Signed-off-by: Davidlohr Bueso <dbueso@suse.de>
---

Hi, so I've rebased the patch against -tip, and has survived about a full day
of pistress pounding. That said, I don't have any interesting boxes available 
for performance tests, so I'm keeping the results I obtained originally; which
should obviously not matter. The other difference from the previous post was that
I've sprinkled READ/WRITE_ONCE around lock->owner, as now we're playing with it
without the wait_lock.

 kernel/Kconfig.locks            |  4 ++
 kernel/locking/rtmutex.c        | 83 ++++++++++++++++++++++++++++++++++-------
 kernel/locking/rtmutex_common.h |  2 +-
 3 files changed, 75 insertions(+), 14 deletions(-)

diff --git a/kernel/Kconfig.locks b/kernel/Kconfig.locks
index ebdb0043203a..e20790cdc446 100644
--- a/kernel/Kconfig.locks
+++ b/kernel/Kconfig.locks
@@ -227,6 +227,10 @@ config MUTEX_SPIN_ON_OWNER
 	def_bool y
 	depends on SMP && !DEBUG_MUTEXES && ARCH_SUPPORTS_ATOMIC_RMW
 
+config RT_MUTEX_SPIN_ON_OWNER
+       def_bool y
+       depends on SMP && RT_MUTEXES && !DEBUG_RT_MUTEXES && ARCH_SUPPORTS_ATOMIC_RMW
+
 config RWSEM_SPIN_ON_OWNER
        def_bool y
        depends on SMP && RWSEM_XCHGADD_ALGORITHM && ARCH_SUPPORTS_ATOMIC_RMW
diff --git a/kernel/locking/rtmutex.c b/kernel/locking/rtmutex.c
index 1ec0f48962b3..282a773d1563 100644
--- a/kernel/locking/rtmutex.c
+++ b/kernel/locking/rtmutex.c
@@ -54,13 +54,13 @@ rt_mutex_set_owner(struct rt_mutex *lock, struct task_struct *owner)

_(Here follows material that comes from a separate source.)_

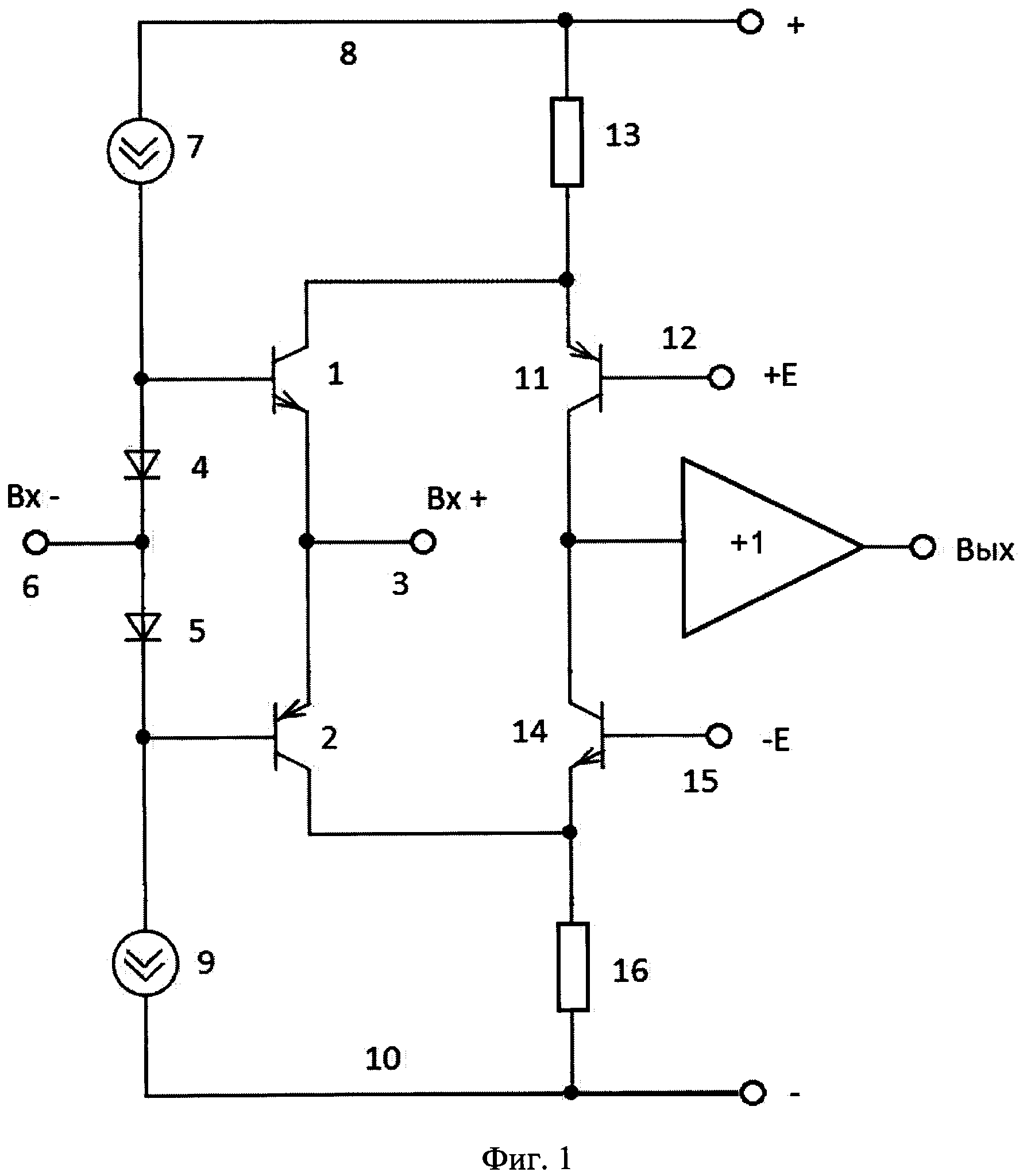 Изобретение откосится к области радиотехники и связи и может быть использовано в качестве устройства усиления аналоговых сигналов в схемах приемопередатчиков мультиплексного канала передачи данных, драйверах кабельных модемов, буферах АЦП и ЦАП, активных фильтрах и т.п. Известны схемы операционных усилителей (ОУ) с входными каскадами на основе двухтактных эмиттерных повторителей на комплементарных биполярных транзисторах, связанных с промежуточным каскадом, реализованным на основе двух токовых зеркал [1-10]. Более высокочастотными являются ОУ, в которых во входных каскадах используется каскодная схема [11-13]. Прототипом (фиг. 1) заявляемого устройства является операционный усилитель, описанный в патент US 7479831, fig. 7 [11], содержащий первый 1 и второй 2 входные транзисторы, эмиттеры которых соединены с неинвертирующим входом 3 устройства, первый 4 и второй 5 последовательно соединенные прямосмещенные р-n переходы, включенные между базами первого 1 и второго 2 входных транзисторов, инвертирующий 6 вход устройства, первый 7 токостабилизирующий двухполюсник, включенный между базой первого 1 входного транзистора и первой 8 шиной источника питания, второй 9 токостабилизирующий двухполюсник, включенный между базой второго 2 входного транзистора и второй 10 шиной источника питания, первый 11 выходной транзистор, база которого соединена с первым 12 вспомогательным источником напряжения питания, а эмиттер соединен с коллектором первого 1 входного транзистора и через первый 13 токостабилизирующий резистор связан с первой 8 шиной источника питания, второй 14 выходной транзистор, база которого соединена со вторым 15 вспомогательным источником напряжения питания, а эмиттер соединен с коллектором второго 2 входного транзистора и через второй 16 токостабилизирующий резистор связан со второй 10 шиной источника питания, причем коллекторы первого 11 и второго 14 выходных транзисторов связаны с токовым выходом устройства. Существенный недостаток известного ОУ состоит в том, что он характеризуется невысоким быстродействием при импульсных входных сигналах и низким значением ширины полосы пропускания сигнала. Это обусловлено повышенной склонностью этого ОУ к возбуждению, для препятствования чему необходимо существенно увеличивать емкость коррекции, что приводит к снижению быстродействия ОУ. Основная задача предлагаемого изобретения состоит в создании операционного усилителя с улучшенными динамическими свойствами входного каскада, что обеспечивается созданием дополнительных каналов преобразования входного напряжения в выходной ток ОУ, повышающих при прочих равных условиях крутизну усиления входного каскада. Технический результат - увеличение ширины полосы пропускания и повышение быстродействия при импульсных входных сигналах. Поставленная задача достигается тем, что операционный усилитель содержит первый (1) и второй (2) входные транзисторы, базы которых соединены с неинвертирующим входом (3) устройства, первый (4) и второй (5) последовательно соединенные прямосмещенные р-n переходы, включенные между эмиттерами первого (1) и второго (2) входных транзисторов, причем общий узел указанных прямосмещенных р-n переходов соединен с инвертирующим (6) входом устройства, первый (7) токостабилизирующий двухполюсник, включенный между эмиттером первого

 	if (rt_mutex_has_waiters(lock))
 		val |= RT_MUTEX_HAS_WAITERS;
 
-	lock->owner = (struct task_struct *)val;
+	WRITE_ONCE(lock->owner, (struct task_struct *)val);
 }
 
 static inline void clear_rt_mutex_waiters(struct rt_mutex *lock)
 {
-	lock->owner = (struct task_struct *)
-			((unsigned long)lock->owner & ~RT_MUTEX_HAS_WAITERS);
+	WRITE_ONCE(lock->owner, (struct task_struct *)

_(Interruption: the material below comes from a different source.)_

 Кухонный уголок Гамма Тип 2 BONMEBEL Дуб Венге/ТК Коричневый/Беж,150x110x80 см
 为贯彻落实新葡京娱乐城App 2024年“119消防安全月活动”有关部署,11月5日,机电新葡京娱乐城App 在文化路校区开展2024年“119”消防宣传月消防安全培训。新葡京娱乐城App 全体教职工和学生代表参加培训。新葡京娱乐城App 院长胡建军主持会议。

+		   ((unsigned long)lock->owner & ~RT_MUTEX_HAS_WAITERS));
 }
 
 static void fixup_rt_mutex_waiters(struct rt_mutex *lock)
@@ -989,14 +989,17 @@ static void mark_wakeup_next_waiter(struct wake_q_head *wake_q,
 	rt_mutex_dequeue_pi(current, waiter);
 
 	/*
-	 * As we are waking up the top waiter, and the waiter stays
-	 * queued on the lock until it gets the lock, this lock
-	 * obviously has waiters. Just set the bit here and this has
-	 * the added benefit of forcing all new tasks into the
-	 * slow path making sure no task of lower priority than
-	 * the top waiter can steal this lock.
+	 * As we are potentially waking up the top waiter, and the waiter
+	 * stays queued on the lock until it gets the lock, this lock
+	 * obviously has waiters. Just set the bit here and this has the
+	 * added benefit of forcing all new tasks into the slow path
+	 * making sure no task of lower priority than the top waiter can
+	 * steal this lock.
+	 *
+	 * If the top waiter, otoh, is spinning on ->owner, this will also
+	 * serve to exit out of the loop and try to acquire the lock.
 	 */
-	lock->owner = (void *) RT_MUTEX_HAS_WAITERS;
+	WRITE_ONCE(lock->owner, (void *) RT_MUTEX_HAS_WAITERS);
 
 	raw_spin_unlock(&current->pi_lock);
 
@@ -1089,6 +1092,48 @@ void rt_mutex_adjust_pi(struct task_struct *task)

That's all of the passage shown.